For more information, visit www.crazyhorse.org.
Resiliency of Montana: Indigenous Art Exposure
WHEN: Friday, Sept. 3 through Saturday, Sept. 4
WHERE: Zootown Arts Community Center, 216 W. Main St., Missoula, Montana; Exhibition page
For a montage of Montana’s leading Indigenous artists, designers and performers, ride on over to Resiliency of Montana: Indigenous Art Exposure, a two day collaborative and educational event bringing together Montana tribal artists and Indigenous relatives,
On Friday, there will be a gallery opening with work by Carlin Bear Don’t Walk, Monica Gilles-Brings Yellow, Two Eagle River School, and Evani Spencer. Event-goers can also browse and shop the Indigenous Art Market, featuring pieces from local artists and brands including Plains Soul, Beacreations, Jesse and Tillie Derosier, Dancing Butterfly Designs and Native Bling, Evening Designs, Antelope Woman Designs, Buffalo Bridge Designs and Thunderwoman Designs, NomadCulture 406 and Sweet Sage Woman.
The gallery opening will be accompanied by music from Teague Goodvoice, Crybaby and Foreshadow, and readings by Chris La Tray and Heather Cahoon.
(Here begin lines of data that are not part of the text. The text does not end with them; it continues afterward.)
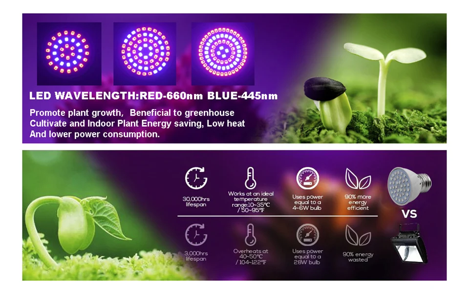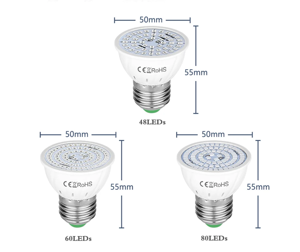 Светодиодные лампы полного спектра для выращивания растений, Е27, 220 В
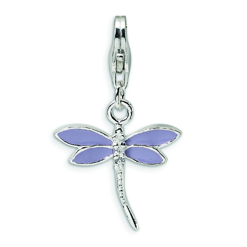 Sterling Silver Lilac Enameled Dragonfly With Lobster Clasp Charm
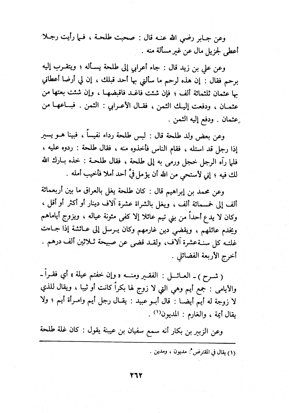 وعن الزبير بن بكار أنه سمع سفيان بن عيينة يقول: كانت غلة طلحة
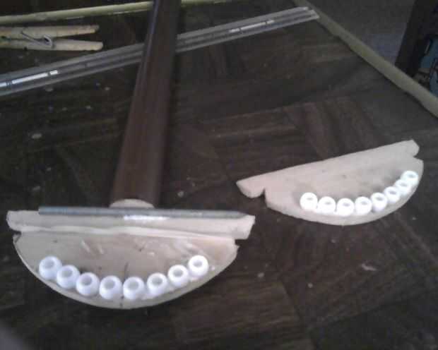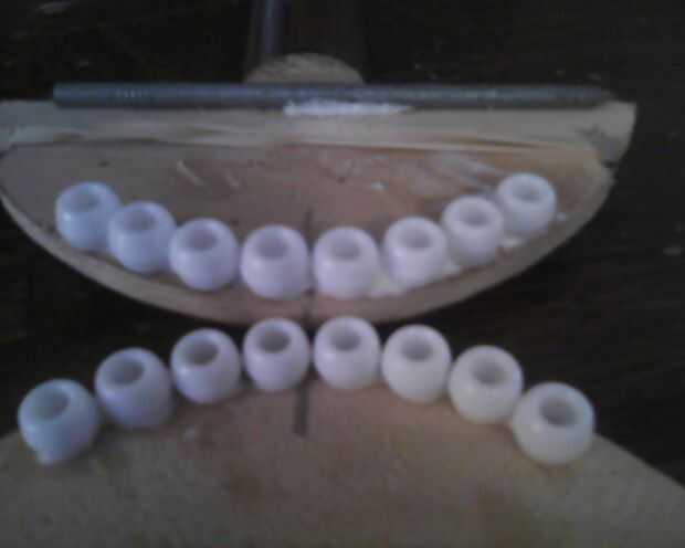 Entonces construir la palanca de control. ... Mina es sencilla y sólo funciona la boca. ... ¿Observe la uña? NO hizo en la versión final. Puedes ver su desaparecido en última foto aquí al lado. Con el grano 'dientes' añadidos, lo no necesito como una bisagra. Tengo que pulir los granos espaldos para obtener el frente más al tacto. ... Tenga en cuenta cómo curvado del borde posterior de la mandíbula inferior como una bisagra. QUE mantiene la mandíbula inferior de arrastramiento fuera de lugar debido a la fricción más adelante. ... Finalmente hice un ataque seco de la palanca de control (se ' pega' el extremo final de la rana, como veremos más adelante) y que tenía que abrir un poco la costura trasera. ... Nota cómo construí la palanca de control. La quijada fija es el superior. Tuve que cortar una sección del palo, la mitad y una mitad pulgada por debajo de la parte delantera de la mandíbula superior, que pega bien al palo. El movimiento de la mandíbula es el menor, como tu propia boca. Tres bandas de goma #30 medio sosténgalos juntos; y pongo la ranura en la parte posterior de las mordazas para las bandas de goma controlar su tensión y mantenerlos en p [encaje y ocultos en la parte posterior de la boca.... También tenga en cuenta el uso y la colocación de los tornillos de ojo, uno en la mandíbula inferior y el otro en el palillo sí mismo. La cadena funciona hacia fuera el extremo posterior de la rana y los lazos, justo donde sale, en un anillo - en tanto mantenga el palo y trabajar la mandíbula tirando hacia atrás en la cadena.
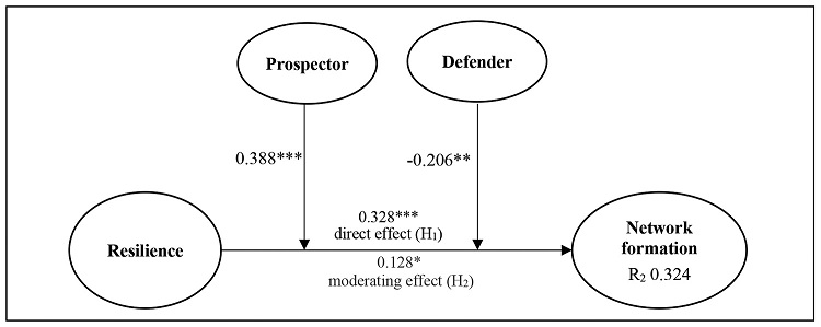It is noticeable that hypothesis H1, that manager resilience is positively associated with network formation, is supported (0.328, p<0.000, R2=0.107, F2=0.120). These results indicate that managers who are more resilient when faced with instability and changes in their companies can enhance their competitive capabilities, to the extent that they can identify and attract new partners in order to contribute to network formation.
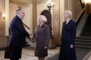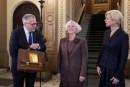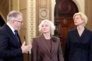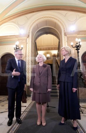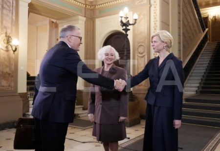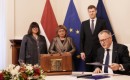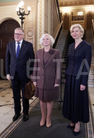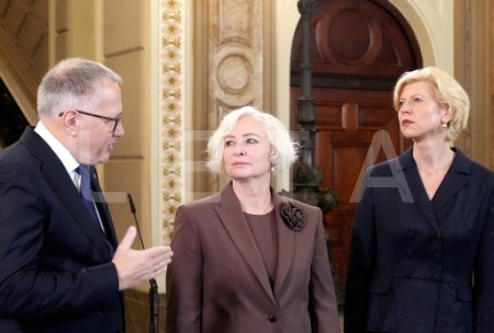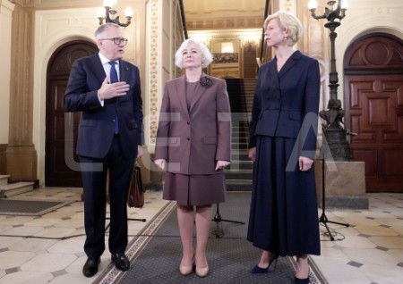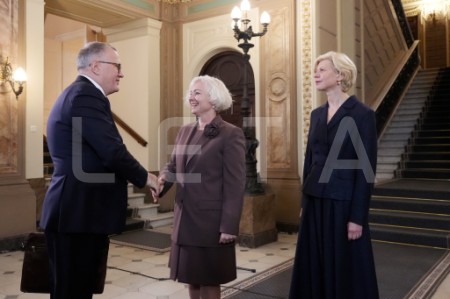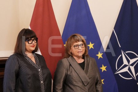 Saeimas priekšsēdētāja Daiga Mieriņa (no kreisās) un Saeimas Budžeta ...
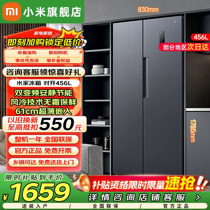 小米米家冰箱456L对开门,到手价仅需1699元享8折优惠
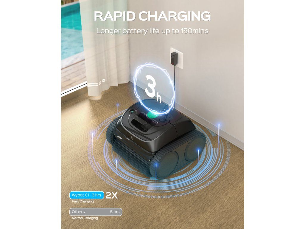 Inteligentní čištění bez námahy Zapomeňte na ruční čištění bazénu. WYBOT C1 je moderní robotický vysavač, který se postará o kompletní údržbu vody za vás. Stačí jedno spuštění a vysavač začne systematicky čistit celý bazén – rychle, efektivně a bez zbytečné práce. Díky chytré navigaci se pohybuje promyšleně a pokrývá maximální plochu bez zbytečných přejezdů. Výsledkem je rychlejší čištění a lepší efekt než u běžných vysavačů. Silný sací výkon v kombinaci s kartáči uvolní i usazené nečistoty a zachytí je ve filtračním koši. Váš bazén tak zůstane dlouhodobě čistý a připravený k použití. Bezdrátové provedení navíc znamená maximální komfort – žádné kabely, žádné omezení pohybu, jen jednoduché a pohodlné použití. Klíčové vlastnosti: Automatický bazénový vysavač pro kompletní čištění Čistí dno, stěny i vodní linku Bezdrátový provoz bez kabelů Výdrž až 120–150 minut Inteligentní navigace (gyroskop) Ovládání a nastavení přes mobilní aplikaci Výkonný trojitý motor Filtrace 180 μm Vhodný pro bazény cca 120–150 m² 5 vychytávek, které oceníte Vhodný pro všechny typy bazénů Ať už máte kulatý, obdélníkový nebo nepravidelný bazén, WYBOT C1 si poradí s každým tvarem. Díky chytré navigaci efektivně pokryje celou plochu a přizpůsobí se podmínkám v bazénu.Extra velký filtrační koš Vyjímatelný filtrační koš se síťovou filtrací o jemnosti 180 μm spolehlivě zachytí běžné nečistoty jako listí, písek nebo drobné usazeniny. Díky velkému objemu pojme více nečistot a jeho čištění je rychlé a jednoduché.Silný výkon a dvojité kartáče Dva rotační kartáče uvolní i odolné nečistoty ze dna i stěn bazénu, zatímco 3 výkonné motory zajistí jejich okamžité nasátí. Výsledkem je důkladné čištění během jednoho cyklu.Přehledný LED indikátor stavu Barevný LED indikátor vám okamžitě ukáže stav zařízení – provoz, nabíjení i plně nabitou baterii. Máte tak vždy přehled o tom, kdy je vysavač připraven k použití.Automatické zastavení u stěny Po dokončení se vysavač sám zastaví u okraje bazénu, takže ho snadno vytáhnete. Technické parametry:Typ čištění: dno + stěny + vodní linka Doba provozu: 120–150 min Doba nabíjení: cca 3 h Baterie: Li-ion 21,6 V / 4600 mAh Výkon: 65 W Filtrace: 180 μm Průtok: 11,5 m³/h Rychlost: až 16 m/min Navigace: gyroskop Připojení: WiFi + Bluetooth Hmotnost: 8 kgObsah balení:Robotický bazénový vysavač Nabíječka Filtrační koš Podpůrné plováky Hák pro vytažení z vody Manuál + rychlý startProč je výhodné a bezpečné nakupovat bazénový sortiment od společnosti CF GROUP V oblasti bazénové techniky nehraje roli jen cena, ale především zkušenost, technické zázemí a dlouhodobá odpovědnost za produkt. CF GROUP patří mezi zavedené evropské výrobce a distributory bazénového sortimentu s historií přesahující více než 60 let. To znamená stabilitu, know-how a reálné zkušenosti z tisíců instalací po celé Evropě.Dlouholetá tradice a evropská výroba Skutečný vývoj a technické know-how Bezpečnost a normy Servis a náhradní díly Kompletní sortiment pod jednou střechou Odborné poradenstvíDoplňkové parametry
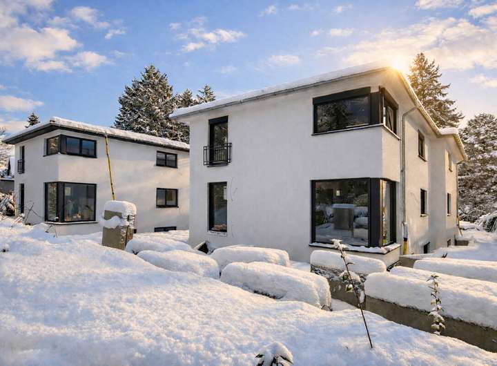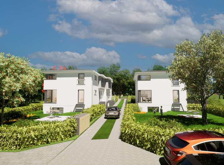 Auf einem sonnigen, ca. 1.619 m² großen Grundstück wird ein modernes, energieeffizientes Wohnensemble aus vier Doppelhaushälften errichtet. Die Häuser sind bereits im Bau, 75 % sind verkauft. Die vier Wohneinheiten werden voraussichtlich im April 2026 fertiggestellt. Das Ensemble besteht aus zwei Stadtvillen mit Wohnflächen von ca. 166 m² zzgl. ca. 20 m² Nutzfläche im Gartengeschoss.
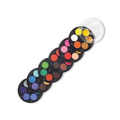 Vodové farby KOH-I-NOOR, počet farieb 36 ks, priemer farieb 22,5 mm. Balenie: 6 ks. Vodové farby okrúhle, priemer tablety 22,5 mm, vodou riediteľné, vhodné na papier a iné savé materiály, šesť vrstiev po 6 tabliet, t.j. 36 odtieňov farieb. Značka: KOH-I-NOOR.
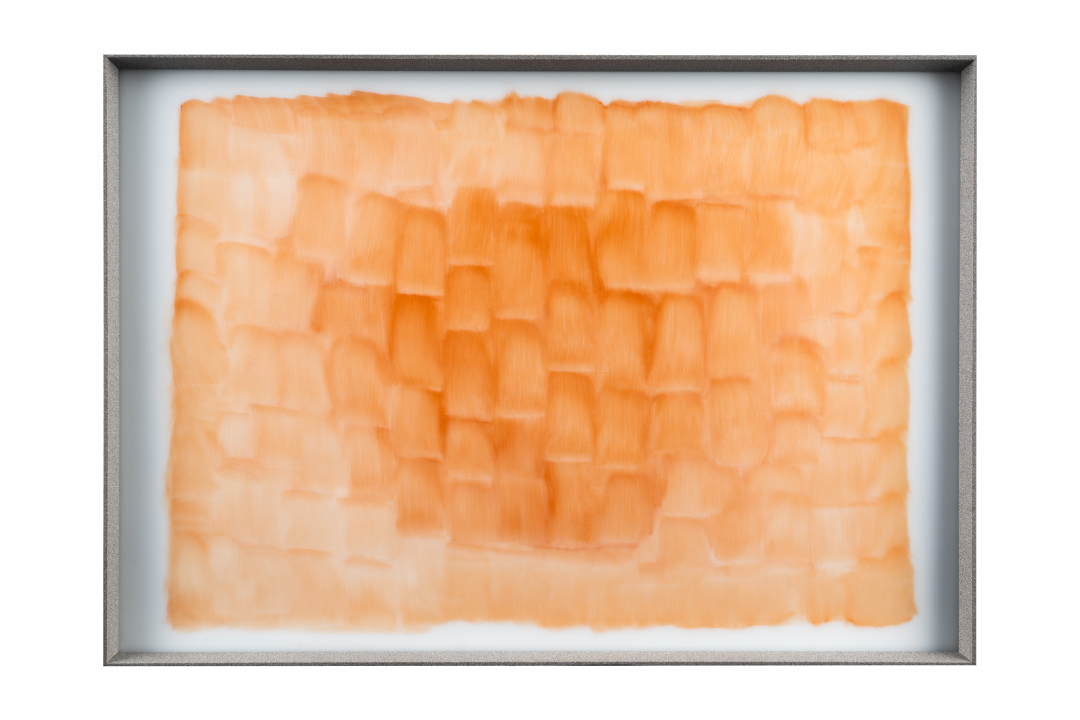 《光》的系列来自2019年的展览《光的故事》,我与合作伙伴余光鑫分别用交互、物质材料的方式表达了光的主题。作品的灯光交互部分呈现了微观中波粒传递的不稳定状态,与观众互动时产生的是类似火的橘色图像,这也暗自契合了窑火的隐喻,同时光影速度的变化又加深了人与光的连结与渗透,为空间铺垫了一条特殊的观看线索。在这个光的场域里不仅汇集了观众的个体信息,也包含了个体微妙的心灵投射。作品中陶瓷的部分,我选用矾红材料——它在传统陶瓷文化中经常被用来描绘神圣图像,在隐喻与感官体验方面都非常贴近光的特征。这件作品在两个维度里展现了这短暂又永恒的“人之光”。
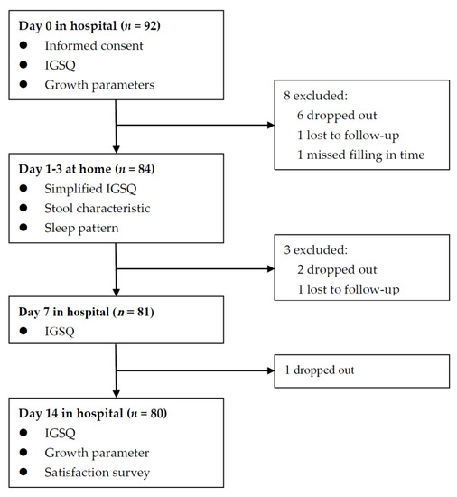 To examine whether the effects of feeding intervention manifested earlier, a simplified IGSQ containing 4 questions, i.e., times of vomiting, times of flatulence, duration of crying, times of fussiness in the past 24 h, was adopted to collect detailed information in the 3 days of feeding intervention. The score for each of the 4 questions also ranged from 1 to 5. Information on stool and sleeping in the first three respective days was also collected. Information on stool included frequency, pain, and consistency (watery, runny, mushy, firm, or hard); information on sleeping included sleeping hours and times of wake-ups at night. In addition, growth parameters for infants who wore indoor light clothing without shoes at Day 0 and Day 14 were measured by trained health providers, including length, weight, and head circumference. Body mass index (BMI, kg/m2) was calculated as weight in kilograms divided by squared height in meters. An age- and sex-specific Z-score of each parameter was calculated according to the WHO child growth standards [20]. At Day 14, parents were interviewed to answer the question, “are you satisfied with the feeding intervention”. For the question, there were three choices: so-so, satisfied, and un-satisfied. Throughout the study, adverse events or parents’ concerns were recorded and checked by health professionals. The flow chart is shown in Figure 1.
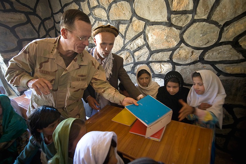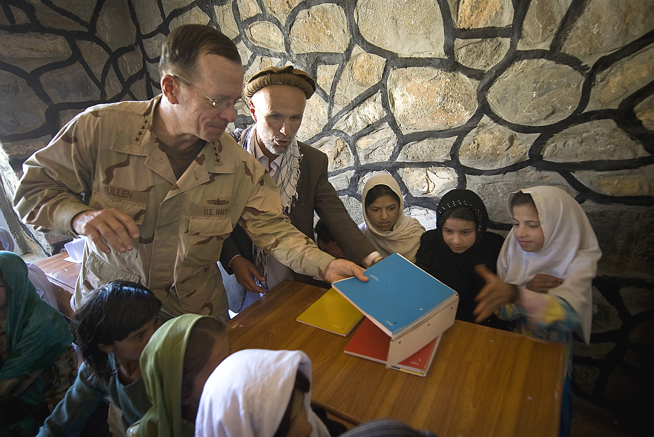 Navy Adm. Mike Mullen, chairman of the Joint Chiefs of Staff hands out notebooks at the opening of the Pushghar Village Girls School, Panjshir Valley, Afghanistan, July 15, 2009. The school located in a remote valley 60 miles north of the capitol Kabul was built by “Three Cups of Tea” author Greg Mortensen to promote and support community-based education, especially for girls, in remote regions of Pakistan and Afghanistan. (DoD photo by Mass Communication Specialist 1st Class Chad J. McNeeley/Released)

Saturday will feature the Two Eagle River School student photography panel and slide show, and a fashion show emceed by Dr. Brad Hall and Dr. Annie Belcourt , highlighting Indigenous members from the community showcasing their heritage in both traditional and modern fashion by designers including Sweet Sage Woman.
Native Visions Fashion Show
WHEN: Tuesday, Sept. 14, 6 p.m. - 9 p.m.
WHERE: The Lynhall, 2640 Lyndale Ave. South, Minneapolis, Minnesota. Tickets are $25 or general admission and $50 for VIP. Purchase here.
The Native Visions Fashion show doesn’t hit the runway until Tuesday, Sept. 14, but tickets are selling like crazy, so sew up your plans now or you may miss out on this showcase of Native chic
White’s work will stalk the catwalk, as will the creations of Cree and Dene designer Osamuskwasis Roan and Diné designers Tanisha and Darlene Beetso of Beads Sews Creations, during this show featuring designs celebrating the vibrant art and apparel of the tribes of Minnesota, New Mexico, and Canada.